Как мы уже указывали, лексическое развитие ребенка характеризуется явлением сверхгенерализации. Сверхгенерализация проявляется в переносе правил, установленных для более конкретных классов языковых явлений, на практически все возможные случаи. Например, сначала дети используют окончание "ом" во всех случаях творительного падежа, потом заменяют его на "ой" и лишь позднее научаются выбирать из двух необходимое окончание. Точно так же сначала дети употребляют все глаголы в прошедшем времени и в женском роде, затем используют для всех существительных окончание мужского рода, и только потом возникает правильное согласование форм в прошедшем времени с родом существительного [202] .
Не менее характерной особенностью языкового развития детей является тот факт, что они понимают большее количество слов и правильно соотносят их с обозначаемым, чем могут произнести. Самостоятельное употребление слов зачастую заключается в их сверхгенерализации – перенесении на другие предметы. Например, ребенок правильно выделяет клубнику, когда ее называет взрослый, но сам при этом называет ее "яблоком" или называет корову и лошадь "собакой", но правильно указывает (в ответ на слово "собака") на изображение собаки среди других картинок. Не менее показательным является следующий пример. "На протяжении времени, когда Рашель чрезмерно обобщала слово "машина", она, тем не менее, могла правильно подбирать объекты в ответ на их название – мотоцикл, грузовик, самолет, вертолет и т. д. Когда она усвоила названия этих понятий, они стали появляться из кластера "машина"… первый раз она назвала самолет небесной машиной" [203] .
Важно заметить, что одной из характерных особенностей детей 2–4 лет является однозначное соотнесение названий и объектов. Э. Маркман попыталась объяснить, каким образом в раннем возрасте дети быстро выучивают новые слова. Она утверждала, что при освоении слов дети руководствуются следующими принципами: например, новое слово обозначает объект целиком, а не его части. Поэтому когда ребенок слышит новое слово, применяемое к объекту, название для которого у него уже есть, то новое слово автоматически относится не к объекту в целом, а к какому-то признаку.

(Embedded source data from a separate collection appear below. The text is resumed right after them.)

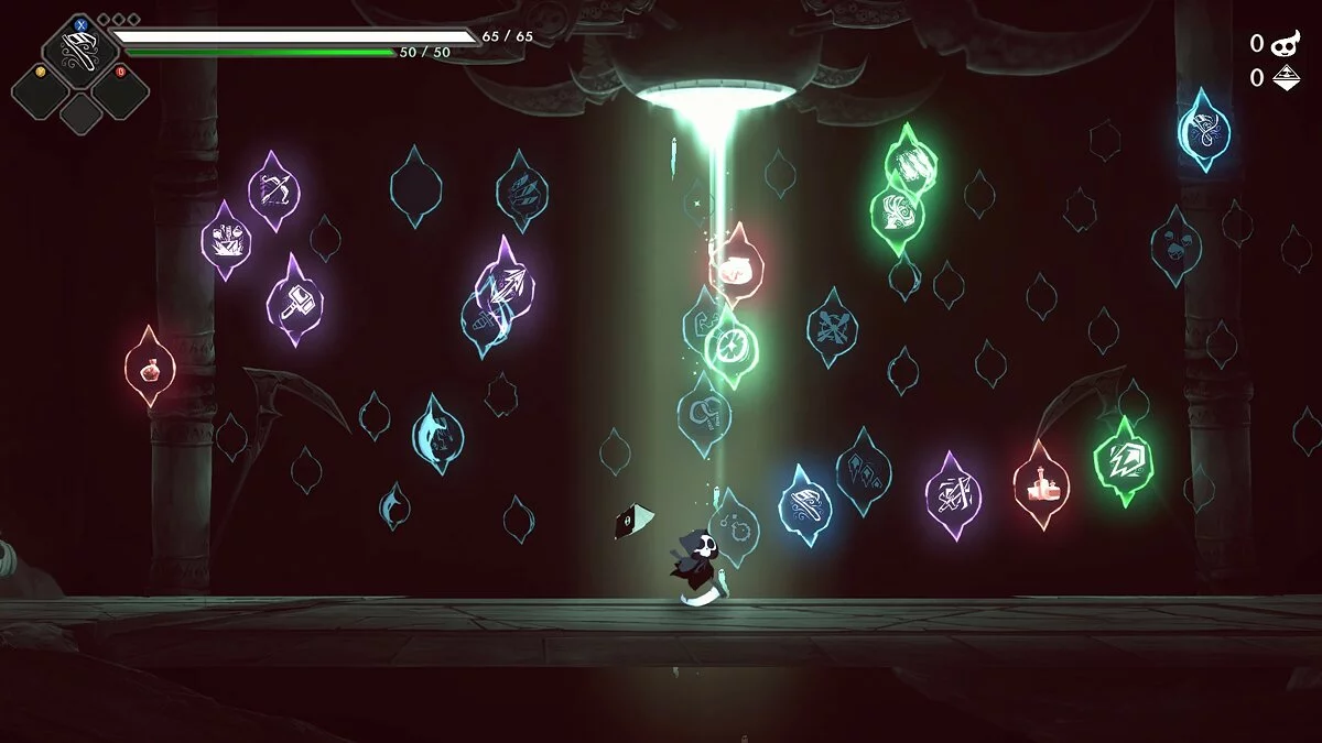 Единственное послабление в том, что после неудачной попытки Смерть получает золотые слитки. Их можно потратить на разблокировку нового оружия, которое может выпасть во время прохождение, и повышение его качества. Впрочем, геймплей это особо не упрощает, так как нет гарантии, что нужный шмот выпадет в ближайшее время.
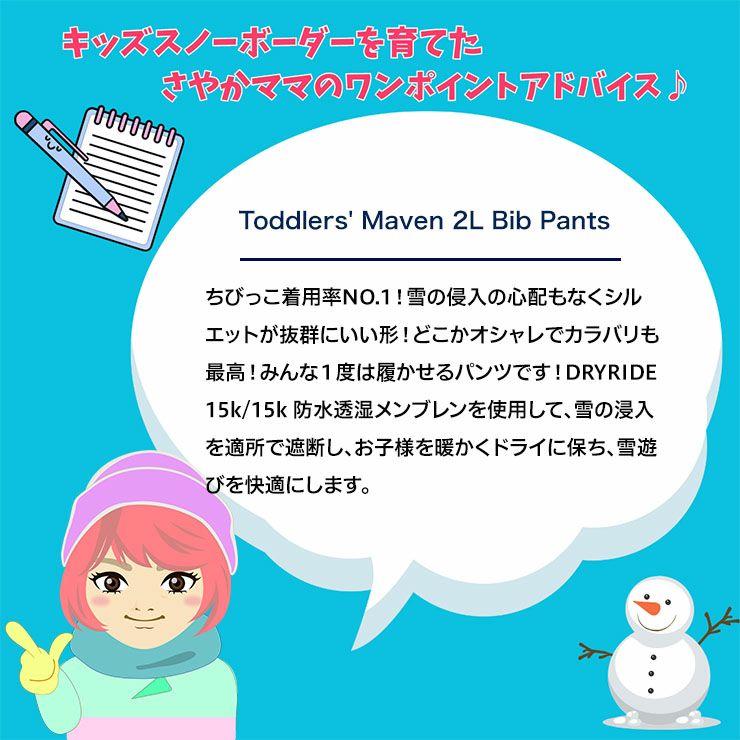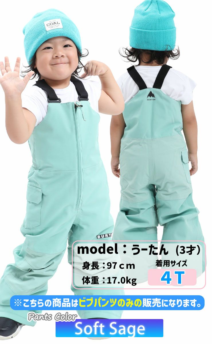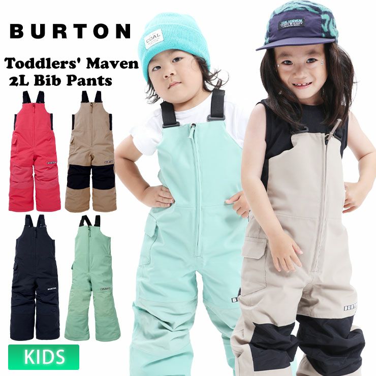 ライディングやソリ遊びにぴったりのトドラー Burton メイヴン ビブ 2L パンツ。服の中に雪が入らず暖かくドライな状態をキープできるので、雪の中で思い切り遊べます。
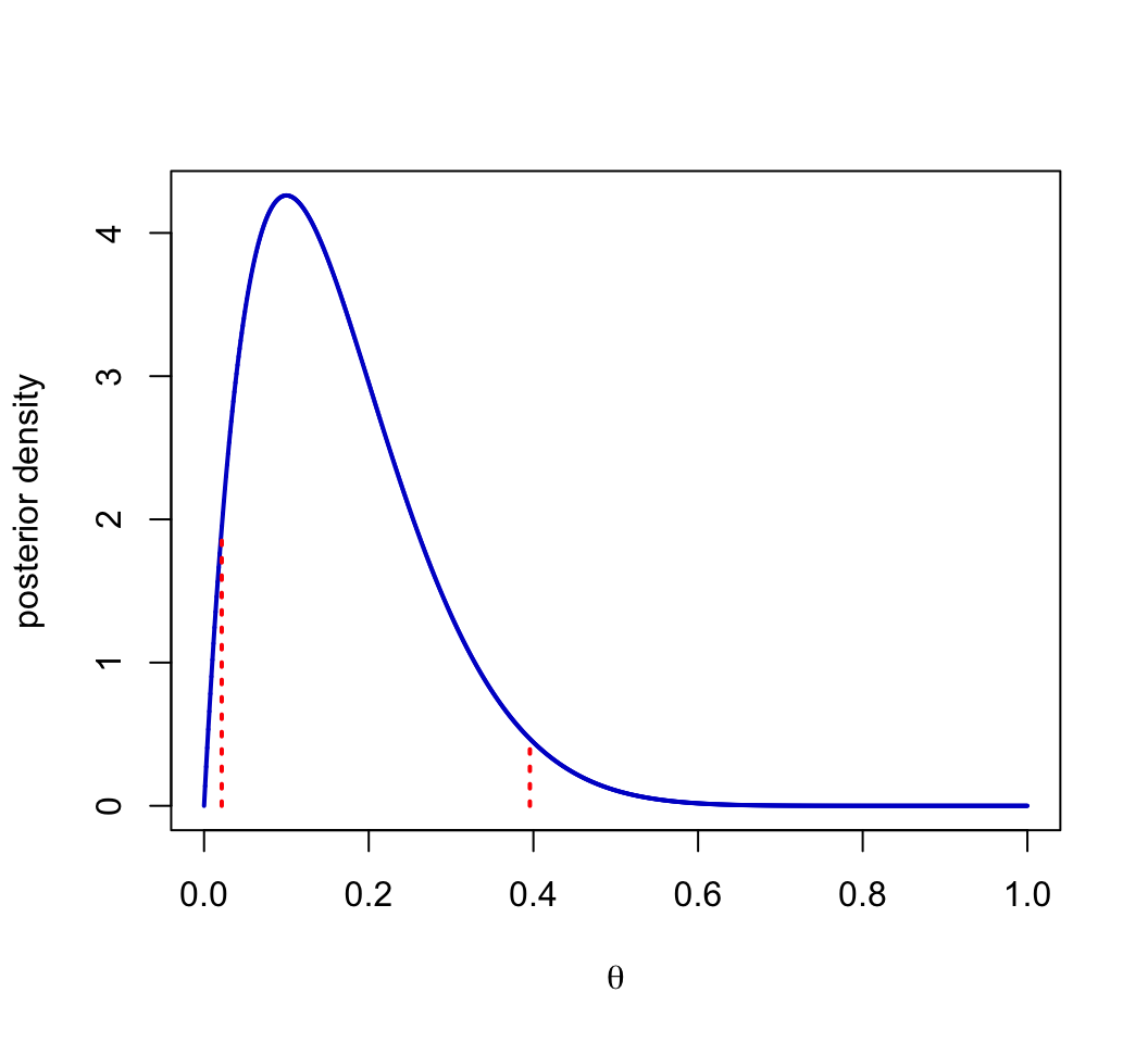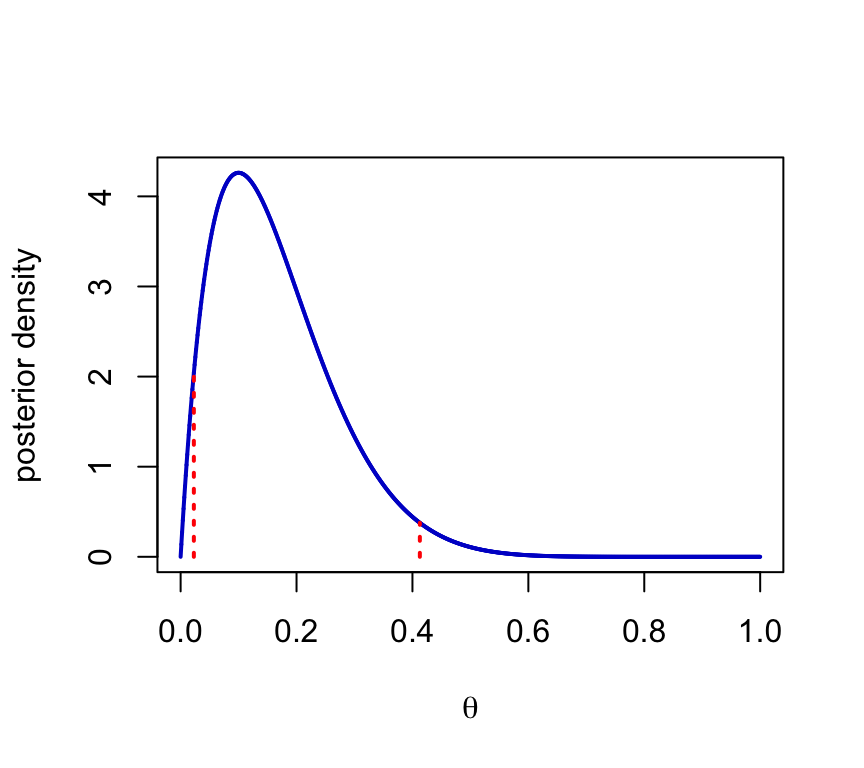To make a \(100 \times (1-\alpha)%\) equi-tail quantile-based credible interval, find numbers (quantiles) \(\theta_{\alpha/2} < \theta_{1-\alpha/2}\) such that
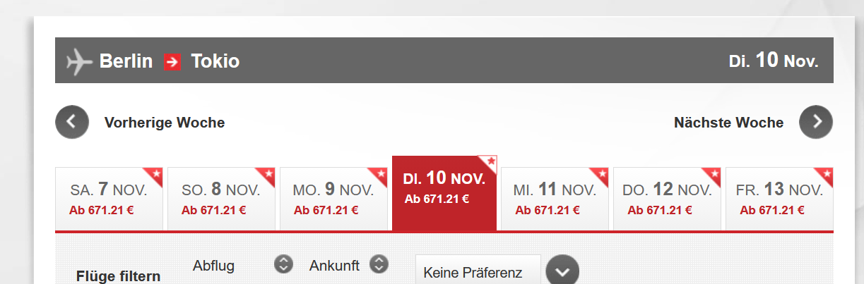 Termine findet ihr über Google Flights (Anleitung). Allerdings wird dort nicht alles korrekt abgebildet. Besser funktioniert die Suche bei JAL. Nehmt einfach ein spezifisches Datum und sucht Flüge vom gewünschten Abflughafen nach TYO, dann wird euch im Verlauf die Kalenderfunktion angezeigt. Hier im Beispiel für die Hinflüge ab Berlin:
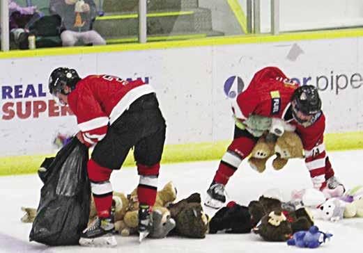 Lori Larsen, Camrose Booster Camrose Kodiaks players gathered up a slew of stuffed toys, toques and mittens that were thrown onto the ice during the December 3 game against the Okotoks Oilers. The goal was scored by local player Callum Gau “bearly” into the first period, 35 seconds to be exact. The annual Teddy Bear Toss game has become a heart warming tradition for residents of Camrose and area to give to those in need.
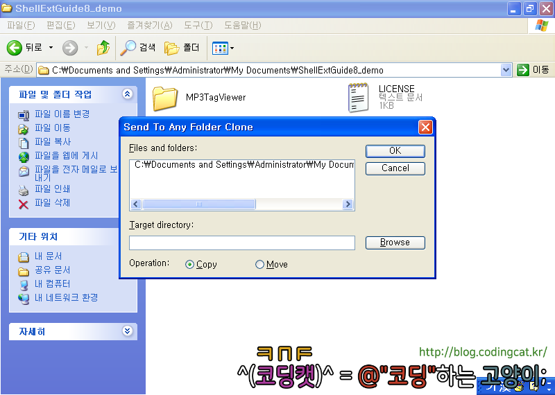 딱히 복잡하지 않은 MFC 다이얼로그입니다. 이에 대한 소스 코드는 SendToCloneDlg.cpp에서 보실 수 있습니다. 필자는 이미 “CShellFileOp - SHFileOperation의 래퍼 클래스”라는 게시글을 통해 CShellFileOp 클래스를 소개한 바 있고, 이를 사용하여 실제로 파일을 옮기거나 복사하였습니다.
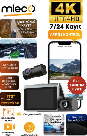 Mieco X18 Wifi /4K UHD/ 170° Ultra Geniş Açı/ ADAS/ G-Sensör / 3 Kameralı Araç Kamerası
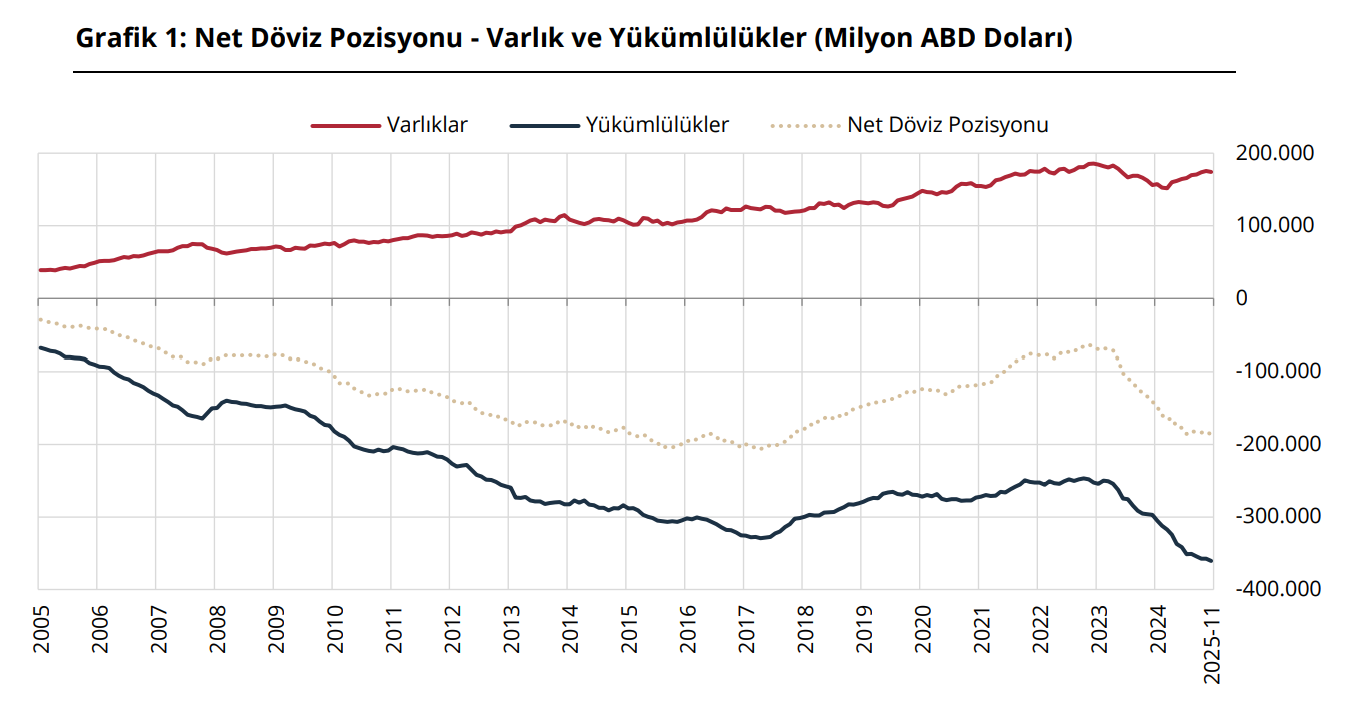 Türkiye Cumhuriyet Merkez Bankası tarafından açıklanan verilere göre finansal kesim haricindeki şirketlerin net döviz pozisyonu açığı, 2025 yılının kasım ayı itibarıyla 186 milyar 673 milyon dolar seviyesine çıktı. Türkiye Cumhuriyet Merkez Bankası verileri ışığında hazırlanan rapora göre, 2025 yılının kasım ayında bir önceki aya oranla finansal kesim dışında kalan firmaların döviz varlıklarında 1 milyar 517 milyon dolarlık bir düşüş yaşanırken, yükümlülükler tarafında ise 3 milyar 114 milyon dolarlık bir artış gözlendi. Yaşanan bu çift taraflı hareket neticesinde, reel sektörün net döviz pozisyonu açığı bir önceki aya göre 4 milyar 631 milyon dolar tutarında genişleyerek toplamda 186 milyar 673 milyon dolar seviyesine ulaştı. Varlık dağılımında görülen değişimler 2025 yılının kasım dönemine ilişkin varlık dağılım detayları analiz edildiğinde, ekim ayına kıyasla türev varlıkların 948 milyon dolar, yurt dışına yönelik doğrudan sermaye yatırımlarının 630 milyon dolar ve menkul kıymetlerin 69 milyon dolar seviyesinde yukarı yönlü hareket ettiği görüldü. Buna karşılık, yurt içindeki bankalarda tutulan mevduatlar 2 milyar 240 milyon dolar, ihracat kaynaklı alacaklar ise 924 milyon dolar tutarında gerileme kaydetti. Bu kalemlerdeki azalışların etkisiyle toplam varlık rakamı bir önceki aya göre 1 milyar 517 milyon dolar aşağı çekildi. Yükümlülükler ve borç stokundaki artış Şirketlerin yükümlülük kalemleri incelendiğinde ise ekim ayına nazaran yurt dışı kaynaklı nakdi kredilerin 1 milyar 599 milyon dolar, türev yükümlülüklerin 1 milyar 316 milyon dolar ve yurt içi kaynaklı nakdi kredilerin 451 milyon dolar arttığı saptandı. İthalat işlemlerinden kaynaklanan borçlar ise bu dönemde 251 milyon dolar seviyesinde bir azalma gösterdi. Tüm bu verilerin birleşmesi sonucunda toplam yükümlülük hacminde 3 milyar 114 milyon dolarlık bir genişleme meydana geldi. Borçların vade yapısı ele alındığında ise kasım ayında yurt içinden temin edilen kredilerde kısa vadeli olanların 80 milyon dolar, uzun vadeli olanların ise 371 milyon dolar arttığı izlendi. Yurt dışı kaynaklı kredilerde de benzer bir eğilimle kısa vadeli borçlar 289 milyon dolar, uzun vadeliler ise 1 milyar 59 milyon dolar yükseliş sergiledi. Dönem sonunda kısa vadeli varlıklar 139 milyar 939 milyon dolar, kısa vadeli yükümlülükler ise 133 milyar 19 milyon dolar olarak hesaplandı. Bu tablo sonucunda kısa vadeli net döviz pozisyon fazlası 6 milyar 920 milyon dolar olarak gerçekleşirken, bu fazlanın ekim ayına göre 3 milyar 795 milyon dolar azaldığı belirlendi. Ayrıca kısa vadeli yükümlülüklerin toplam içindeki payı yüzde 37 seviyesinde kaldı.

Поэтому, когда малышам демонстрируется два предмета: старый, название которого им известно, и новый, название которого они не знают, и просят показать предмет под названием "дакс", – все малыши указывают на неизвестный им новый предмет. Данные факты говорят в пользу точки зрения В. Штерна, согласно которой ребенок именно понимает, что каждая вещь имеет свое имя.